Refinements that show seniority

  • Timers only for visible toasts — a queued toast's duration shouldn't count down while it's invisible. Start the timer on promotion, not on add.
  • Priority — errors jump the queue (unshift instead of push, or sort by priority) so a critical error isn't stuck behind info toasts.
  • De-duplication — if the same message is added repeatedly, collapse it (or show a "×3" counter) instead of queueing duplicates.
  • Queue cap — even the queue should have a limit; drop or coalesce beyond it so a runaway loop doesn't grow memory unboundedly.
  • Group/replace — a "Saving…" toast replaced by "Saved" rather than stacking.

The framing

"The bug is treating 'added' and 'shown' as the same thing.
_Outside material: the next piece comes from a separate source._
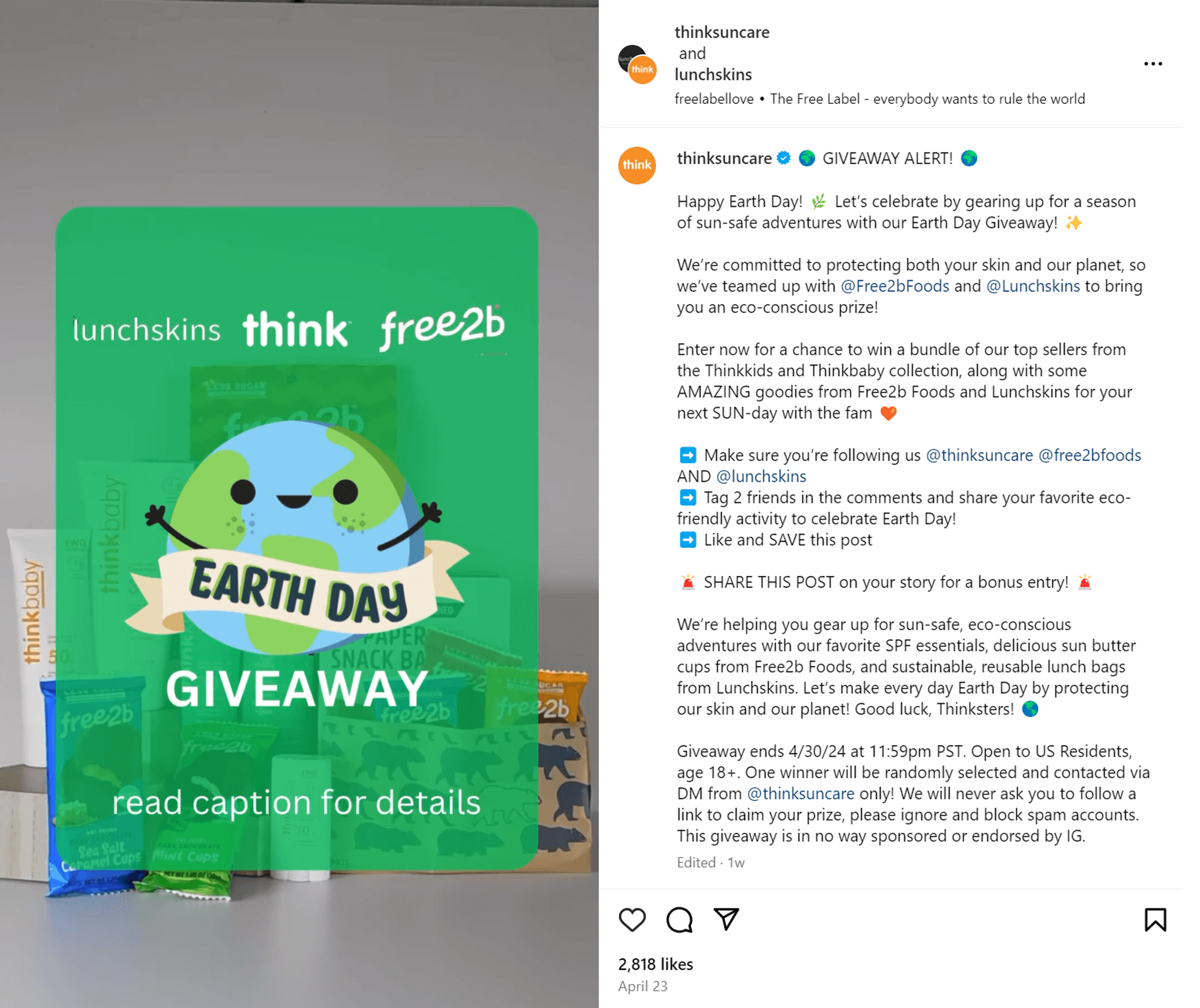 Think Sun's partnership with Lunchskins demonstrates this perfectly. Their ‘Earth Day Giveaway’ post generated over 2800 likes.

I keep two lists — a visible array capped at N with live timers, and a queue for the rest. On dismiss, I promote the next queued toast and start its timer then — so duration only counts while on screen. From there: errors get priority, identical toasts de-dupe, and the queue itself is capped."

Follow-up questions

  • Why start a queued toast's timer on promotion rather than on add?
  • How would you let error toasts jump the queue?
  • How do you handle 100 identical toasts fired in a loop?
  • Should the queue itself have a maximum size?

Common mistakes

  • Starting the dismiss timer when the toast is added, so queued toasts expire while invisible.
  • No cap on the queue — unbounded memory growth.
  • Treating all toasts as equal priority, burying critical errors.
  • Not de-duplicating, so a render loop spams identical toasts.

Performance considerations

  • The queue can grow unbounded under a runaway loop — cap it and coalesce duplicates. Keep per-toast timers in a ref keyed by id and clear them on dismiss/unmount to avoid leaks.

Edge cases

  • Queue grows faster than toasts are dismissed.
  • A sticky (no-duration) toast occupying a visible slot forever.
  • User manually dismisses a toast — must immediately promote from the queue.
  • Identical messages fired rapidly.

Real-world examples

  • Sonner and react-hot-toast cap visible toasts and stack the rest.
  • Chat apps coalescing rapid notifications into a grouped one.

Senior engineer discussion

Seniors immediately separate 'added' from 'shown', cap the visible set, and crucially start timers on promotion. They then layer priority for errors, de-duplication, and a queue cap so a runaway producer can't exhaust memory.